Abstract

Abstract 2641

INTRODUCTION:

Since the introduction of the anti-CD20 monoclonal antibody rituximab, the outcomes of B-cell non-Hodgkin lymphoma (B-NHL) have improved markedly. However, fulminant hepatitis due to reactivation of hepatitis B virus (HBV) infection has emerged as a serious problem. Recently, rituximab plus corticosteroid containing chemotherapy (R-chemo) has been identified as a risk factor for HBV reactivation in hepatitis B surface antigen (HBsAg)-negative B-NHL patients. Currently, there is no standard management to prevent HBV reactivation in HBV-resolved patients without HBsAg, but with antibodies against hepatitis B core antigen (anti-HBc) and/or HBsAg (anti-HBs).

PATIENTS AND METHODS:

We conducted a multicenter prospective observational study to estimate the incidence of HBV reactivation by serial monthly monitoring of HBV DNA in HBV-resolved patients with B-NHL during and just after R-chemo, and to establish preemptive antiviral therapy guided by this monitoring. The major eligibility criteria included previously untreated CD20-positive B-NHL with prior HBV-resolved infection, and planned treatment with 6 to 8 cycles of R-chemo defined by protocol. The baseline HBV status was evaluated on enrollment at each institute, comprising HBsAg, anti-HBc, and anti-HBs serology. Patients were excluded if they were seropositive for hepatitis C virus or human immunodeficiency virus. Plasma HBV DNA levels were measured independently at a central laboratory, using an automated real-time TaqMan polymerase chain reaction assay after enrollment. The primary end point was the incidence of HBV reactivation defined as HBV DNA levels of 1.8 log copies per mL or more. If HBV DNA levels of less than 1.8 log copies per mL were confirmed at baseline, the serial monitoring of HBV DNA (without prophylaxis of antiviral drugs) was performed with assessments every 4 weeks after enrollment for 1.5 years. Prompt antiviral treatment with an anti-HBV nucleoside analogue (entecavir, 0.5 mg per day) was highly recommended in patients with confirmed HBV reactivation. An ancillary study was conducted to identify risk factors for HBV reactivation using the preserved specimens. The protocol was approved by the Institutional Review Board of each participating institution. All patients gave written informed consent. The planned interim analysis was performed after the enrollment of 200 patients, using data available up to June 30, 2011.

RESULTS:

Between Sept. 2008 and Sept. 2010, a total of 187 patients (50.8% male) with a median age of 63 years (range, 26 to 79) from 45 institutes were analyzed.

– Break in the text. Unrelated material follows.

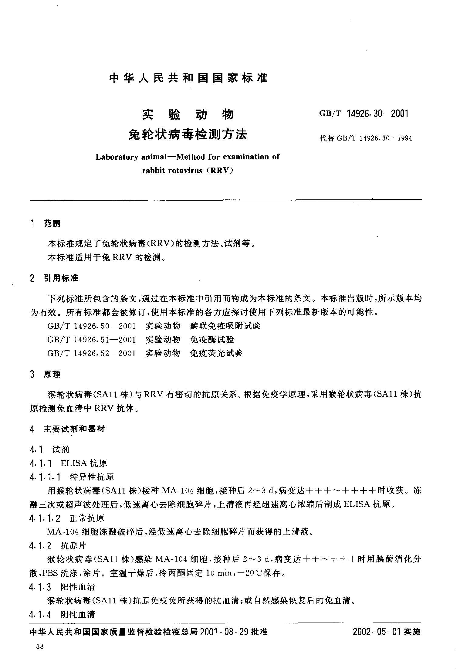 GBT 14926.30-2001实验动物 兔轮状病毒检测方法.pdf

Histologic subtypes of B-NHL were diffuse large B-cell lymphoma (n=121, 64.7%), follicular lymphoma (n=57, 30.5%), MALT lymphoma (n=5, 2.7%) and other types (n=4, 2.0%). The number (%) of patients positive for both anti-HBc and anti-HBs was 132 (70.6%), 35 (18.7%) were positive for anti-HBc but negative for anti-HBs, and 19 (10.2%) were negative for anti-HBc but positive for anti-HBs. One patient was positive for anti-HBc but lacked anti-HBs measurement. 168 (89.8%) patients received 6 to 8 cycles of R-CHOP (n=151) or other R-chemo (n=17). With a median follow-up of 549 days (range, 35 to 939), HBV reactivation was observed in 16 out of 187 analyzed patients. The incidence of HBV reactivation at 1 year was 7.7% (95% confidence interval [CI], 4.7 to 12.7). HBV reactivation was diagnosed at a median time of 158 days (range, 33 to 490) after enrollment. No hepatitis due to HBV reactivation was observed in patients who received antiviral treatment when HBV DNA levels were 1.8 to 3.1 log copies per mL. Multivariate analysis of the ancillary study showed that an anti-HBs baseline titer less than 10 mIU per mL was an independent risk factor for HBV reactivation, compared to a titer of 100 mIU per mL or more (adjusted hazard ratio, 5.3; 95% CI, 1.3 to 21.8; p=0.02). HBV mutations of precore (G1896A) or basal core promoter (A1762T/G1764A) that enhanced HBV replication were identified in 4 patients, two of whom had both mutations. Our strategy could inhibit such highly replicative clones and prevent hepatitis.

CONCLUSIONS:

Monthly monitoring of HBV DNA is highly effective for preventing hepatitis due to HBV reactivation in HBV-resolved B-NHL patients treated with R-chemo. (UMIN-CTR 000001299) (This study was supported by the Ministry of Health, Labour and Welfare of Japan.)

Disclosures:

Kusumoto:Bristol-Myers Squibb: Honoraria; Zenyaku Kogyo: Honoraria; Chugai Pharmaceutical Co., LTD.: Honoraria, Research Funding; Abbott: Honoraria. Tanaka:Chugai Pharmaceutical Co., LTD.: Honoraria, Research Funding; Bristol-Myers Squibb: Honoraria, Research Funding; Zenyaku Kogyo: Honoraria; Abbott: Honoraria. Tanaka:Chugai Pharmaceutical Co., LTD.: Honoraria, Research Funding; Bristol-Myers Squibb: Honoraria, Research Funding. Kinoshita:Chugai Pharmaceutical Co., LTD.: Honoraria, Research Funding; Zenyaku Kogyo: Honoraria. Ogura:Chugai Pharmaceutical Co., LTD.: Honoraria, Research Funding; Bristol-Myers Squibb: Honoraria, Research Funding; Zenyaku Kogyo: Honoraria, Research Funding. Mizokami:Chugai Pharmaceutical Co., LTD.: Honoraria; Abbott laboratories: Honoraria. Ueda:Chugai Pharmaceutical Co., LTD.: Research Funding.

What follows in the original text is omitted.